Like a modern version of the Klondike and California goldrush days, the lure of "Golden Week" holiday travel during the Spring Festival, May Day and October's National Day in China is irresistible to millions of adventure-starved people, Chinese and foreigners alike. From the very beginning, this "quest for gold" involves a seemingly inexhaustible stream of human bodies straining the capacity of a multifaceted transportation network to its limits.
According to official statistics, during the 2007 May Day holiday an estimated 150 million travelers spent approximately 320 billion yuan (about US$43 billion), unquestionably a truly golden week for the Chinese economy.
The first time I traveled in China by train during the Spring Festival provided for a totally unexpected experience. Upon our arrival at the train station, first impressions seemed perfectly normal, with only a few people around waiting. Suddenly the door from the waiting hall above us was flung open to release what appeared to be an endless cascade of human bodies rushing down toward us threatening everything in their way at the exact time the train approached.
Even before the train had come to a stop, the massive onslaught of bodies engulfed us from all sides, mercilessly pushing and shoving, screaming and trying to scale windows like a steep mountainside, with an assortment of baggage flying about like errant projectiles.
Once on the train, totally exhausted from the "struggle for survival," I had to alternate standing on one leg at a time like a red crowned crane in the narrow hallway, with everyone around me being packed like sardines.
I am quite certain that comparable scenes are unlikely to occur when boarding one of China's ultramodern trains, like the world's highest altitude train (4,000 meters above) that travels from Qinghai to Lhasa, but our train apparently occupied a low rank within the Chinese railway system, optimally designed for mass transportation, a function it served extremely well.
Air travel in China during a "Golden Week" is marginally more comfortable but the number of air passengers, especially Chinese, on the major routes to the most frequented tourist destinations, is steadily increasing, often leading to deteriorating conditions at airport as well as onboard overcrowding.
A situation during air travel that I really dislike often occurs when passengers are taken by bus to the plane parked on the tarmac and must board via the portable staircase. Many Chinese people do not like to queue and set off in a mad rush, pushing furiously to board the plane for no apparent reason, as they have reserved seats marked on their boarding passes.
Interestingly enough, the first time I traveled by plane in China was during the Spring Festival "Golden Week" in 2003. I clearly remember that the flights between major points of destination as well as short distance connecting flights, were half empty, and I was the only foreigner on board. Now the planes are filled to capacity, with a majority of Chinese, reflecting the improved living standards over the past four years as a result of economic development the country is experiencing.

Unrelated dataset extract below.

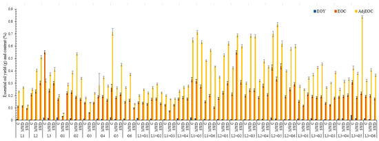 The genotypes showed different responses to irrigation regimes for HFAC, DSFAC, and FAC (Figure 6). In C, MWD, and SWD conditions, the greatest mean value of FAC was detected for the , , and L2, respectively. The EOC, adjusted essential oil content (AdjEOC), and EOY exhibited significant water treatment × genotype interactions (Figure 7). Furthermore, in C, L3 and in C and MWD, and in SWD conditions exhibited the greatest mean values of EOC, EOY, and AdjEOC, respectively.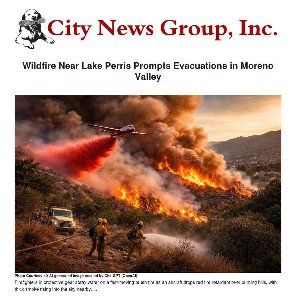 Wildfire Near Lake Perris Prompts Evacuations in Moreno Valley by Stella Pierce - City News Group, Inc.

At the points of destination the constantly self-regenerating chains of human bodies move mostly non-stop in an ever-quickening pace and an apparent state of communal hysteria. Various organized tourists groups are constantly bombarded with ear-deafening, multidirectional megaphone announcements and converge on each other like herds of sheep, while following their tour leader holding high a brightly colored, triangular-shaped flag like a magic wand.
In their relentless "Quest for Gold," the pilgrims dutifully amble along new pathways of discovery in a kind of mechanical rhythm of movement. And this is my dilemma! I feel extremely uncomfortable being immersed in large crowds and have a very low sociophobic threshold.

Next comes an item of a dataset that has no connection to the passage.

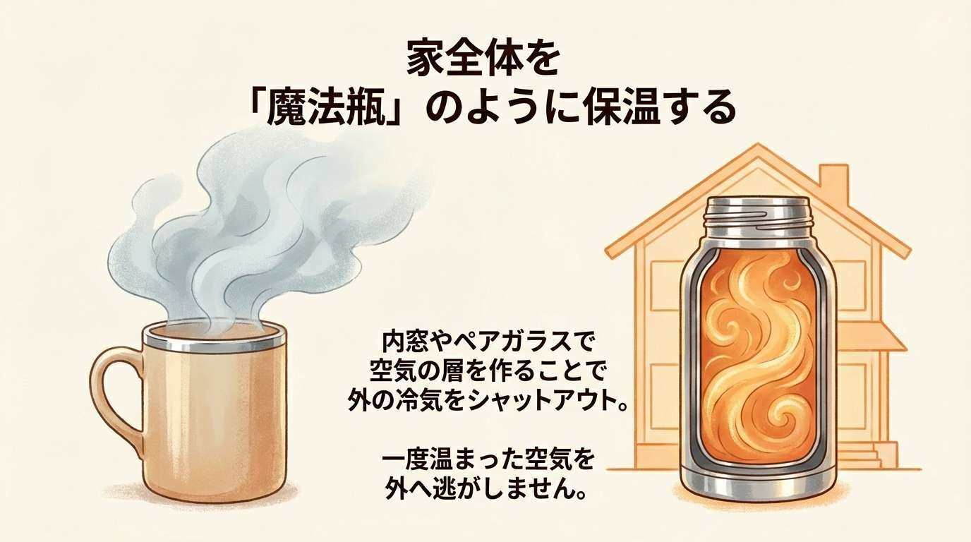 床暖房や最新の大型エアコンを導入する前に、まずは熱の流出口である「窓」を塞ぐ。これが最も理にかなった寒さ対策になります。

Perhaps I also have outdated ideas about travel in that I need personal space, prefer to travel in style and comfort, relax and take it easy.
Most Chinese as well as foreigners don't seem to mind the existing travel milieu or perhaps have resolved to accept it in a rational way as a fait d'accompli, with their overriding concern being to enjoy the change from everyday routines and duties and to appreciate the chance and privilege to explore new vistas in their lives.
But what chance is there for me to travel in China in an all-pervasive atmosphere of mass tourism? Perhaps it is an illusion, but my next travel will be by plane to west China, going hiking and camping in the wide-open plains of Xinjiang Uygur Autonomous Region and Qinghai Province, hoping to find some solitude in the kingdom of the Tibetan antelope.